To the newer folks in this D-World, I point to the amazing changes that have taken place in just the last 20 years. Glucose meters and tight control. A vast array of insulins to choose from and to mix to find the best way to treat your unique diabetes situation (and they are all unique). Pumps and CGMS (which are only going to get smarter and smarter). Anyone who use to have to give their small child NPH and Regular, wait exactly 30 minutes and then FORCE them to eat exactly what they’d been given the shot for can tell you: the times they have a-changed.
We can also look toward better and better long-term statistics for our loved ones with diabetes. Blindness and amputations are going to be rare in the future (I believe!). The life-span of a person growing up with Type 1 is getting closer and closer to that of a person without it.
Yes: My daughter’s life is incredibly difficult.
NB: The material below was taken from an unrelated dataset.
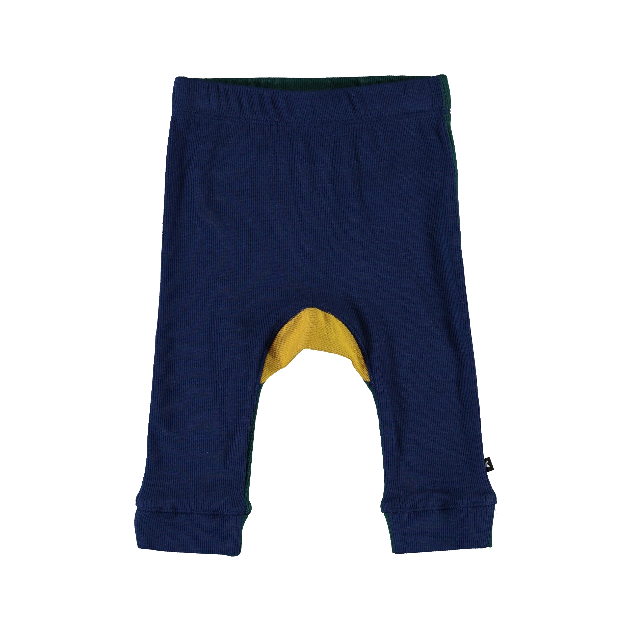 Seb is een groen, blauw en geel geblokte babybroek. Seb heeft smalle pijpen en ribboord. het heeft een elastische taille voor een comfortabele pasvorm.

Everything: every bite, every move she makes must be studied and planned for. She has highs that make her sick to her stomach and lows that are shaky, scary and dangerous. She has to lug a medical kit with her everywhere she goes. She cannot go a day (or even a few hours) without thinking about diabetes. And I want that changed. I want her cured.
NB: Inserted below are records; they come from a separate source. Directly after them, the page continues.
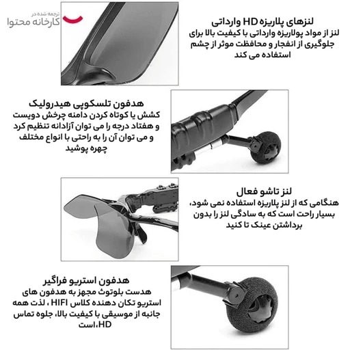 ویژگی های عینک آفتابی و هندزفری بلوتوث FASHION PLONEER :- قابل اتصال به تمام دستگهاهای دارای بلوتوث , اندروید و IOS
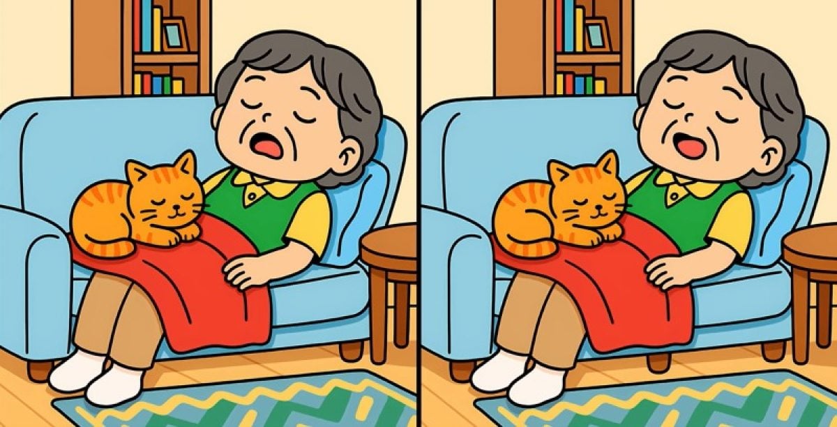 Vai esat gatavs pārbaudīt sevi? Šeit ir divas ilustrācijas: tajās attēlota sieviete un kaķis, kas guļ uz dīvāna. No pirmā acu uzmetiena ainas izskatās pilnīgi vienādas, taču starp tām ir paslēptas trīs nelielas atšķirības.
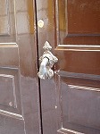 気付いた途端、一瞬びくっとするドアノッカー。
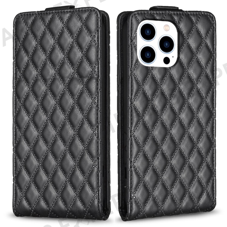 BF30 For iPhone 16 Pro Max Case Rhombus Grid Vertical Flip Leather Phone Cover - Black
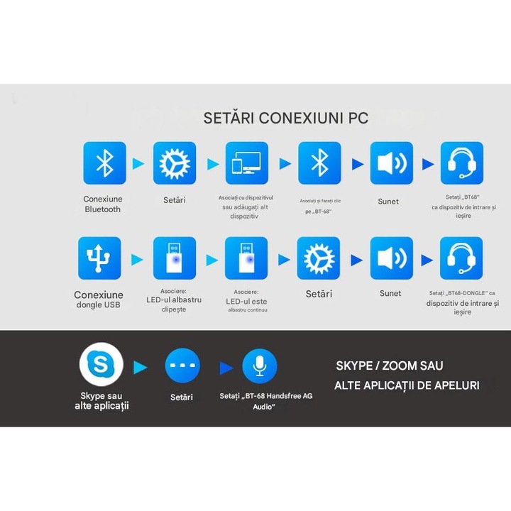 Aceste casti Bluetooth cu microfon accepta conexiune simultana la doua dispozitive si conectivitate dual mode (wireless prin Bluetooth sau adaptor USB) cu o raza stabila de 15 m (49 de picioare). Ca si casti wireless cu microfon, ofera difuzoare HiFi de 40 mm cu raspuns in frecventa 20Hz-20kHz pentru un sunet stereo captivant in apeluri/multimedia.

But hope – honest-to-goodness hope based on respected and proven research out there, continues to fuel her and me. The other day while visiting her at college was the first time she told me she’s actually completely pumped (pun intended) about the possibility of the APP coming to fruition. Right now, that’s the hope she can fill her tank on. She also talked about realizing she probably still has a few functioning beta cells, and the hope that regeneration might help create more one day in the future. It’s not here today, but the hope, for her, is here today. And it’s based in reality.
So I guess sharing information, even if it is to disprove something a person might thing, is really a positive step. There is so much to look toward and be hopeful for, and as long as when educating someone on what we know points them to hopeful things, I think it’s not a Debbie Downer at all.
Hope’s not everything, but it’s something. And in my view, it’s better than false hope.